In this embodiment, the pre-set characters on the market include, but are not limited to, basic punctuation marks, and the original text is cut by the basic punctuation marks. Based on the analysis of the medical text line character, the employed separators are comma (,), semicolon (;) and period (, in Chinese punctuation marks. For a long text D, the long text D is divided into N sentences: d ═ span1,…,spann]。
In the present embodiment, the target text may include, but is not limited to, a medical long text.
According to the embodiment provided by the application, the target text is segmented according to the preset separators, and the chunk set corresponding to the target text is obtained, wherein the chunks in the chunk set are composed of different words; inputting each chunk in the chunk set into a pre-training model to obtain a word vector corresponding to each chunk; inputting the word vector corresponding to each chunk into a bidirectional recurrent neural network, and determining the dependency relationship between each chunk; and processing the chunks in the chunk set according to the dependency relationship to obtain a target text segmentation result. The method at least solves the technical problem that in the prior art, the text segmentation accuracy is low.
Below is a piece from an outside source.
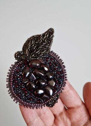 Продаю брошь в виде граната, размер 6Х7см Изделие выполнено из натуральных камней граната, японского бисера, натуральной кожи Выполнено в единственном экземпляре, без копий, сделано в Украине Брошь будет отправлена в подарочной упаковке, поэтому можете смело заказывать на презент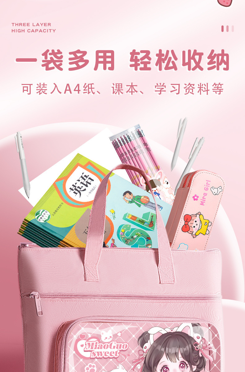 다층 학생 도서 휴대용 저장 가방 대용량 방수 어린이 학습 자료 튜토리얼 가방 숙제 파일 가방스토어 가기

That is, in this embodiment, the long text is cut apart by using the basic punctuation marks as partitions, and the cut clauses are modeled by using the pre-training models respectively; and then, aiming at the model expression obtained in the previous step, a bidirectional recurrent neural network is used for establishing context dependence between the clauses, so that the block analysis is completed by taking the clauses as units. The embodiment of the invention breaks through the length limitation of the pre-training model, combines the advantage of context time sequence relation dependency between modeling clauses of the recurrent neural network model, and can better solve the problems of long text modeling and segmentation so as to at least solve the technical problem of lower text segmentation accuracy in the prior art.
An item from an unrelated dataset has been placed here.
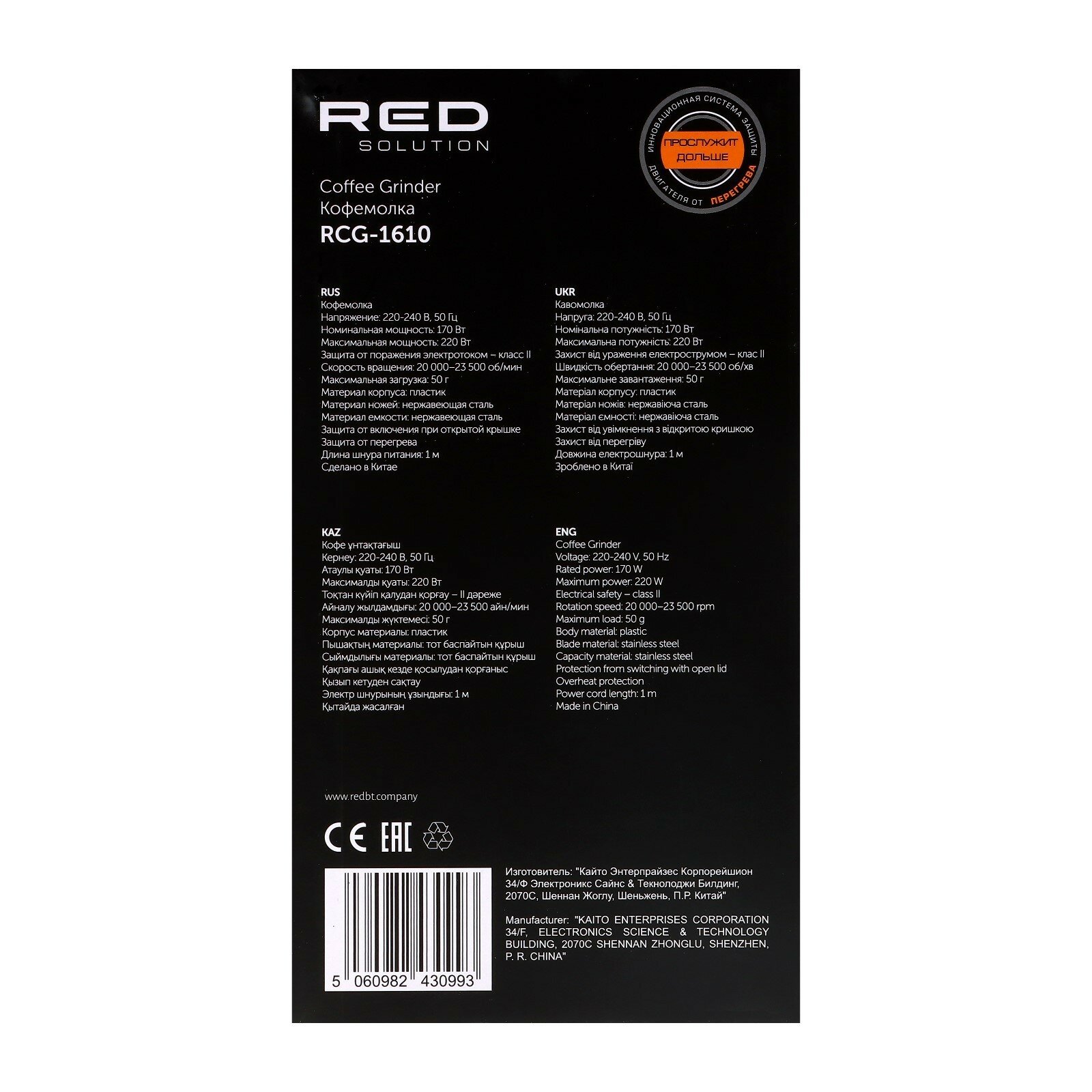 Купить Кофемолка RED Solution RCG-1610, ножевая, 220 Вт, 50 г, чёрная

Optionally, processing the chunks in the chunk set according to the dependency relationship to obtain a target text segmentation result, which may include: and combining the chunks with the same dependency relationship to obtain a target text segmentation result.
Optionally, inputting each chunk in the chunk set into a pre-training model to obtain a word vector corresponding to each chunk, which may include: and under the condition that the target text D is segmented into N words and the chunk set comprises the N words, performing word vector coding through a pre-training model to obtain a word vector of each word in a N x m format, wherein N represents the number of words in each word and m represents the feature vector dimension of the pre-training model.
Optionally, after performing word vector coding by using the pre-training model to obtain a word vector in a n × m format for each word, the method may further include: and converting the word vector of each clause into a one-dimensional vector by using a method of calculating average pooling to obtain a text sequence corresponding to the target text.
Optionally, inputting the word vector corresponding to each chunk into the bidirectional recurrent neural network, and determining the dependency relationship between each chunk may include: inputting the text sequence into a bidirectional cyclic neural network to obtain an expression vector of each clause containing context semantics; processing the expression vector through a full connection layer to obtain a target vector; and determining the dependency relationship between each chunk according to the target vector.
As an alternative embodiment, the present application further provides a method for segmenting a chunk of a medical long text based on a pre-training model.
In the embodiment, firstly, a long text is separated and cut by using basic punctuation marks as partitions, and the cut clauses are modeled by using a pre-training model respectively; and then, aiming at the model expression obtained in the previous step, a bidirectional recurrent neural network is used for establishing context dependence between the clauses, so that the block analysis is completed by taking the clauses as a unit. The method breaks through the length limitation of the pre-training model, combines the advantage of context time sequence relation dependence between modeling clauses of the recurrent neural network model, and can well solve the problems of long text modeling and segmentation. As shown in fig. 3, the model is schematically constructed.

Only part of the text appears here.